Karakter ini adalah karakter Raja yang memiliki kepala babi. Bedaulu adalah karakter yang memiliki kekuatan magis besar dan suka memamerkannya dengan
memotong kepalanya kemudian menyambungkannya kembali. Suatu kali, kepala yang dipotongnya tanpa sengaja menggelinding ke sungai dan hanyut, pelayannya yang panik membunuh seekor babi untuk kemudian diambil kepalanya dan diberikan kepada Sang Raja sebagai pengganti kepalanya yang hilang.
11. Raja Putri
Topeng Raja Putri adalah topeng yang melambangkan karakter yang cantik, berbudi halus, menarik, dan diberkati kecerdasan.

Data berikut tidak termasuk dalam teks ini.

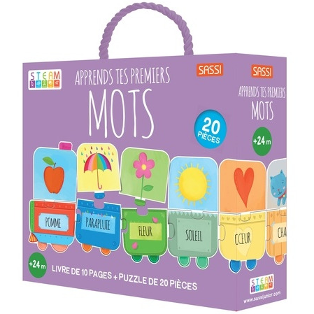Un livre de 10 pages et un puzzle de 20 pièces géantes pour créer un petit train et apprendre les premiers mots.
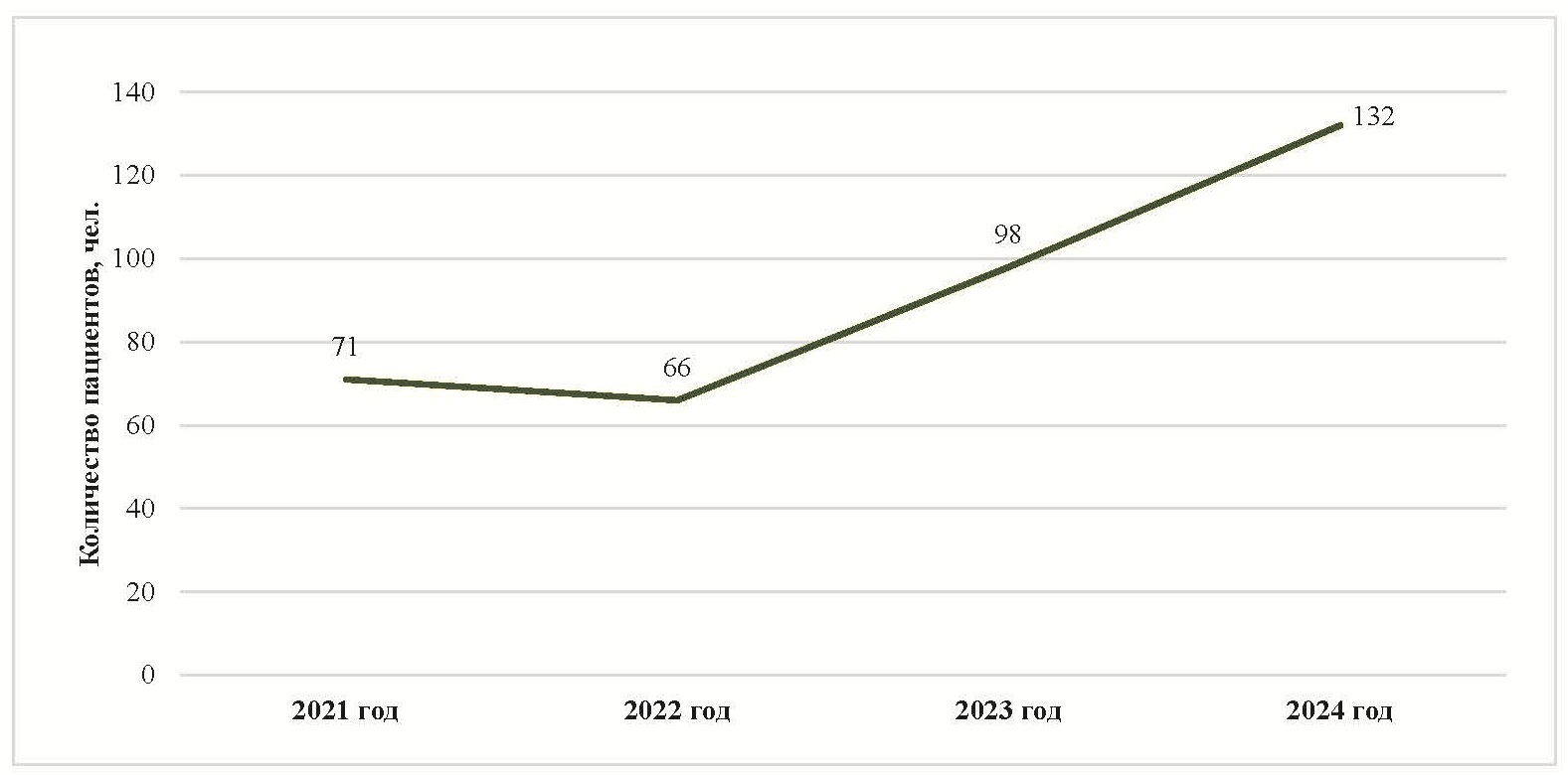 Министерство здравоохранения Ярославской области (ЯО) эффективно сотрудничает с Фондом. При анализе данных отчётов Фонда за 2021-2024 гг. [2] установлена динамика роста оказания лекарственной помощи детям с редкими заболеваниями в регионе (рис. 1).
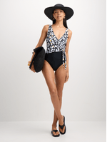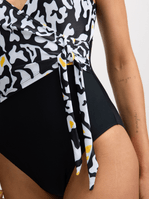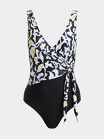 Turn heads at the beach with our Jet Women's Black and White Tie-Up One-Piece Swimsuit. The AOP top adds a stylish touch to this must-have swimwear. Made from high-quality nylon for comfort and durability. Perfect for a day of fun in the sun.
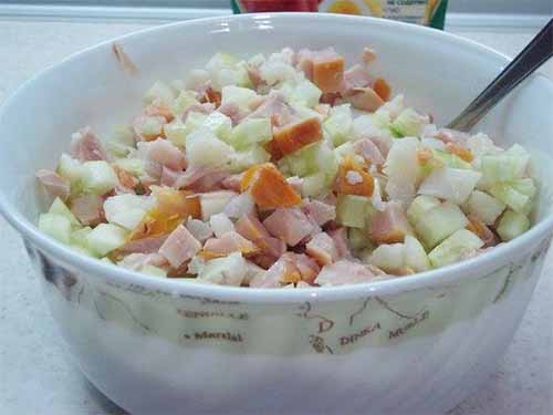 Все ингредиенты в равных пропорциях нарезать кубиками и соединить.
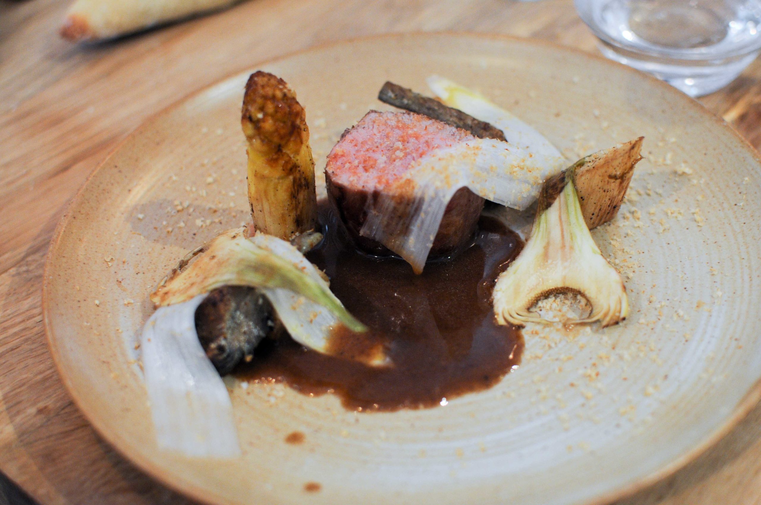 Cuisson impeccable des gambas, jeunes poireaux très tendres pour accompagner et un condiment audacieux à base de rhubarbe, fraise et estragon. Un très bel équilibre de saveurs, c’est très bien assaisonné et maîtrisé, top!

Seperti karakter Dalem, Topeng Raja Putri dikerjakan dengan halus dan detail, tetapi mata pada Topeng Raja Putri sedikit mengarah ke bawah untuk memberikan karakter dengan sikap yang patuh.
12. Bondres Pasek
Bondres Pasek adalah karakter kepala desa yang memiliki hati yang hangat. Kebijaksanaannya memposisikan dirinya sebagai penasihat Dalem, dan rasa humornya membuatnya disukai oleh rakyatnya. Ia suka bercanda dan tertawa.
13. Bondres Bongol
Karakter Bondres Bongol adalah pelawak yang sedikit tuli dan diberkati dengan kemampuan menyanyi dan pandai membacakan puisi-puisi Sanskrit untuk Dewata.
14. Bondres Bues
Bondres Bues adalah tipe penduduk yang suka mabuk. Ketika ia berbicara, pemikirannya seringkali berlompatan dari satu topik ke topik lain dengan gumaman
yang tidak jelas. Ia juga karakter yang suka menindas, suka berkelahi, dan ketika sedang tidak mabuk mempelajari seni bela diri.
15. Bondres Keta
Bondres Keta adalah karakter yang tidak beruntung, sebelumnya ia adalah seorang penyanyi dan penari ahli, namun kemampuannya ini pupus setelah kecelakaan motor/ sepeda yang dialaminya. Karakter ini mencerminkan akibat tindakan mengemudi yang sembrono dan ceroboh.
16. Dukuh
Dukuh adalah penasihat yang dipercayai Dalem. Ia juga adalah seorang pemimpin spiritual walaupun berasal dari kalangan biasa. Ia bisa sangat kuat tetapi tidak tampak dalam penampilannya. Bondres Dukuh suka melucu dan mengeluh, sedikit tuli dan buta, serta berenergi dan giginya hampir hilang semua.
17. Bondres Cungih
Bondres Cungih memiliki gigi tonggos dan bibir sumbing adalah karakter penipu yang suka berbicara dengan makna ganda (plesetan). Ia adalah karakter pemalas yang suka menghindar melakukan tugas, dan merongrong figur otoritas.
18. I Gede Mecaling
Jero Gede atau I Gede M ecaling adalah karakter yang muncul dalam Barong Landung. Topengnya berwarna hitam dengan tujuan menakuti roh-roh kecil jahat.
19. Nyoman Semariani
Nyoman Semariani adalah karakter yang tidak terlalu cerdas, tetapi pandai menyanyi dan menari. Ia sudah melewati usia untuk menikah akan tetapi belum menikah. Hal ini menyebabkan karakternya suka menggoda dan mencari pemuda. Terkadang ia disebut juga Bondres Luh.
20. Sidakarya
Topeng Sidakarya adalah topeng sakral yang muncul paling akhir di puncak cerita. Ia merupakan karakter yang paling penting, tanpa kemunculannya maka suatu upacara tidak bisa disebut upacara.